> _ACTION ITEM_: Your copy should match the entries exactly, with the pictures left out.
:: RECORD EXCERPTS
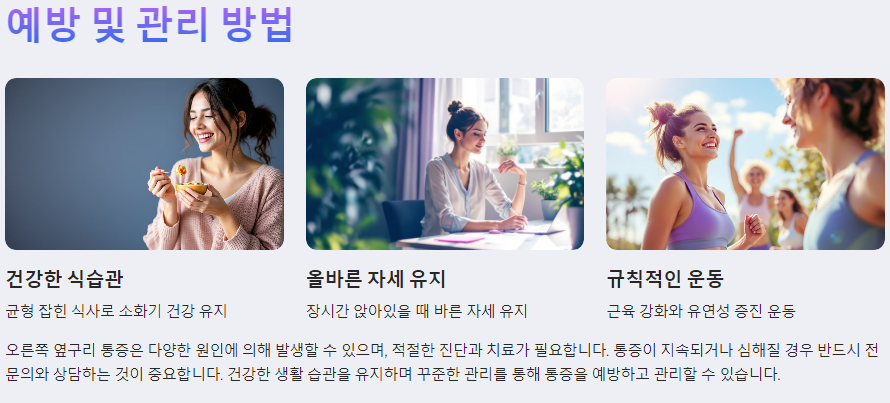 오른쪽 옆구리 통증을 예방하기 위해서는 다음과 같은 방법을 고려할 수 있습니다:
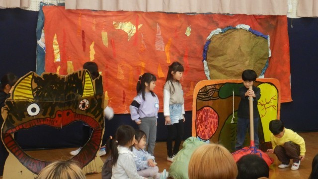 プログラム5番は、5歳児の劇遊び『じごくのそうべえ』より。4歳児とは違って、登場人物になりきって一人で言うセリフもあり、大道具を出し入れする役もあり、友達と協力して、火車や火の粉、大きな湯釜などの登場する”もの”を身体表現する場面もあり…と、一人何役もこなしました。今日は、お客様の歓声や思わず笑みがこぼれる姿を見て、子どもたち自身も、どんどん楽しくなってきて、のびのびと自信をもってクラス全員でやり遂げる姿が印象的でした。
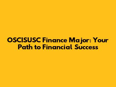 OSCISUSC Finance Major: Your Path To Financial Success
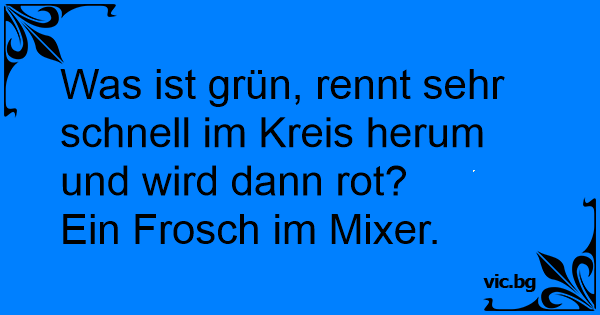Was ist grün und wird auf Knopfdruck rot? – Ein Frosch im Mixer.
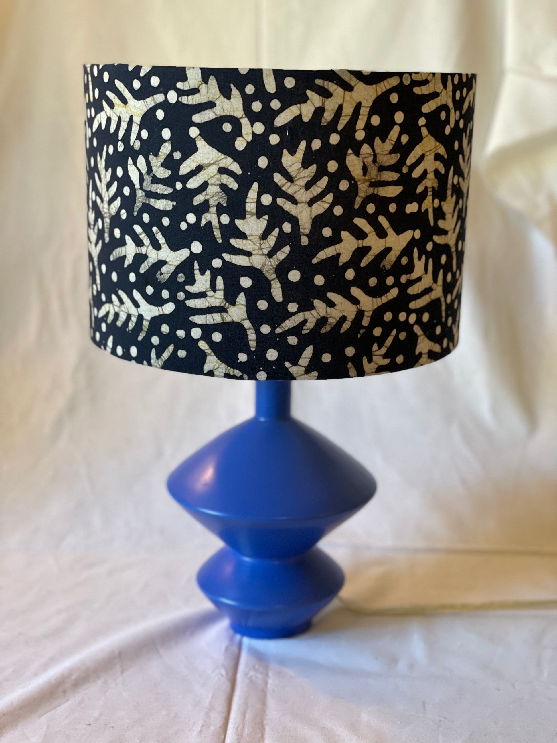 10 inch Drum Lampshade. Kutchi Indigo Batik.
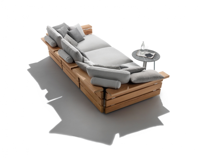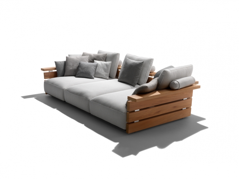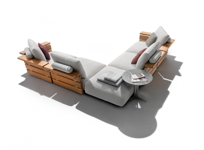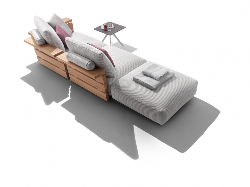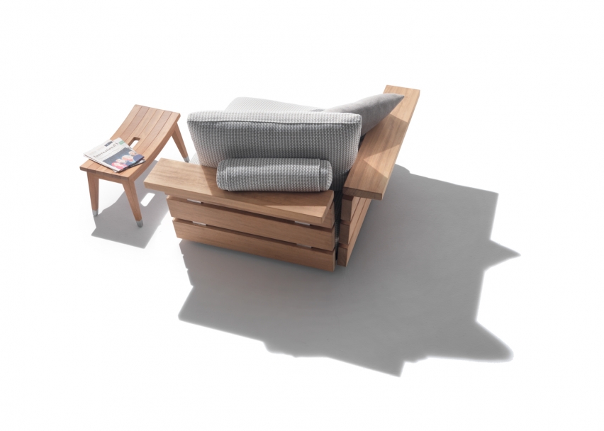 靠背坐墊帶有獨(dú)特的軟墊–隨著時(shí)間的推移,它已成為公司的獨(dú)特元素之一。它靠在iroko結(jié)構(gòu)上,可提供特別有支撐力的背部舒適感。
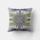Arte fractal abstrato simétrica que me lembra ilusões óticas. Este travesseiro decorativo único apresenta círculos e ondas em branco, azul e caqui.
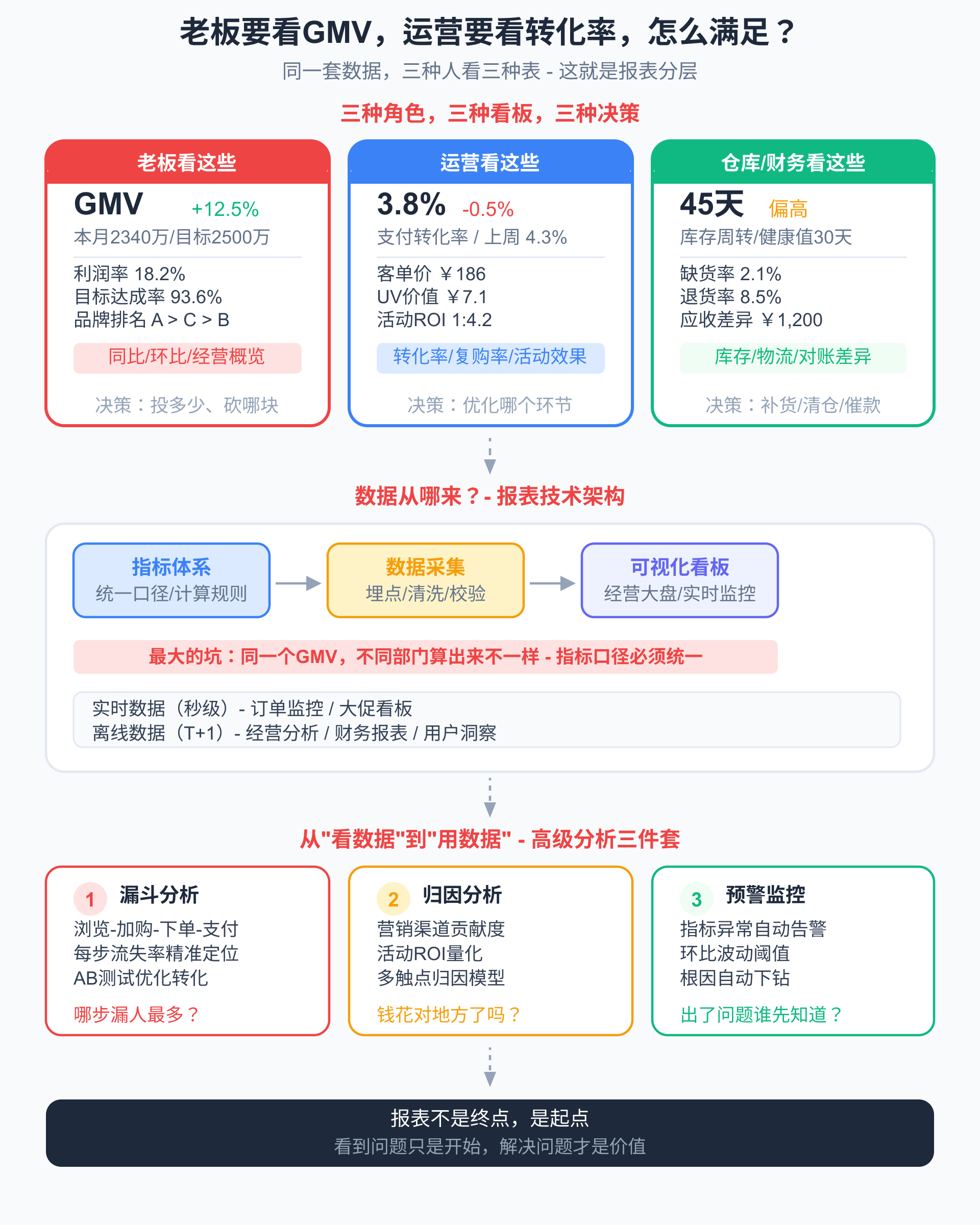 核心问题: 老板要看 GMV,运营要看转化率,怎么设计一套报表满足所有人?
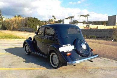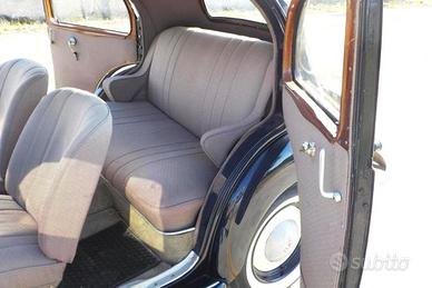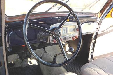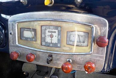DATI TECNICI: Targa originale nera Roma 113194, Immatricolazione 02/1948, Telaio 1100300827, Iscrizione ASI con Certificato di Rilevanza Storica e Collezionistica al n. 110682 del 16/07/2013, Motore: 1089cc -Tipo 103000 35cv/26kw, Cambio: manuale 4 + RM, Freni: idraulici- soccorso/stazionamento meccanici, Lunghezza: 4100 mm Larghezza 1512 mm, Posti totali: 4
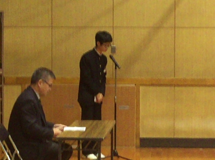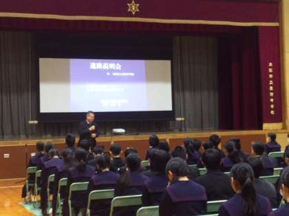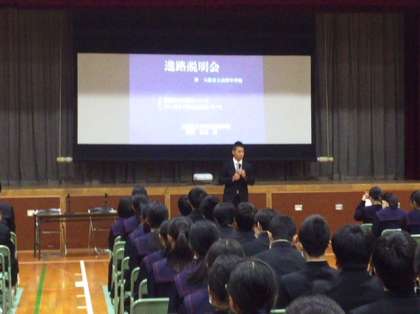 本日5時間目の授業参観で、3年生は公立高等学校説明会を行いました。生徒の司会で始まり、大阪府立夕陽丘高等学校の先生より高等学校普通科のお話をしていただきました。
::::
> _RESULT BELOW_:
 오른쪽 옆구리 통증을 예방하기 위해서는 다음과 같은 방법을 고려할 수 있습니다:
 プログラム5番は、5歳児の劇遊び『じごくのそうべえ』より。4歳児とは違って、登場人物になりきって一人で言うセリフもあり、大道具を出し入れする役もあり、友達と協力して、火車や火の粉、大きな湯釜などの登場する”もの”を身体表現する場面もあり…と、一人何役もこなしました。今日は、お客様の歓声や思わず笑みがこぼれる姿を見て、子どもたち自身も、どんどん楽しくなってきて、のびのびと自信をもってクラス全員でやり遂げる姿が印象的でした。
 OSCISUSC Finance Major: Your Path To Financial Success
Was ist grün und wird auf Knopfdruck rot? – Ein Frosch im Mixer.
 10 inch Drum Lampshade. Kutchi Indigo Batik.
 靠背坐墊帶有獨(dú)特的軟墊–隨著時(shí)間的推移,它已成為公司的獨(dú)特元素之一。它靠在iroko結(jié)構(gòu)上,可提供特別有支撐力的背部舒適感。
Arte fractal abstrato simétrica que me lembra ilusões óticas. Este travesseiro decorativo único apresenta círculos e ondas em branco, azul e caqui.
 核心问题: 老板要看 GMV,运营要看转化率,怎么设计一套报表满足所有人?
DATI TECNICI: Targa originale nera Roma 113194, Immatricolazione 02/1948, Telaio 1100300827, Iscrizione ASI con Certificato di Rilevanza Storica e Collezionistica al n. 110682 del 16/07/2013, Motore: 1089cc -Tipo 103000 35cv/26kw, Cambio: manuale 4 + RM, Freni: idraulici- soccorso/stazionamento meccanici, Lunghezza: 4100 mm Larghezza 1512 mm, Posti totali: 4
 本日5時間目の授業参観で、3年生は公立高等学校説明会を行いました。生徒の司会で始まり、大阪府立夕陽丘高等学校の先生より高等学校普通科のお話をしていただきました。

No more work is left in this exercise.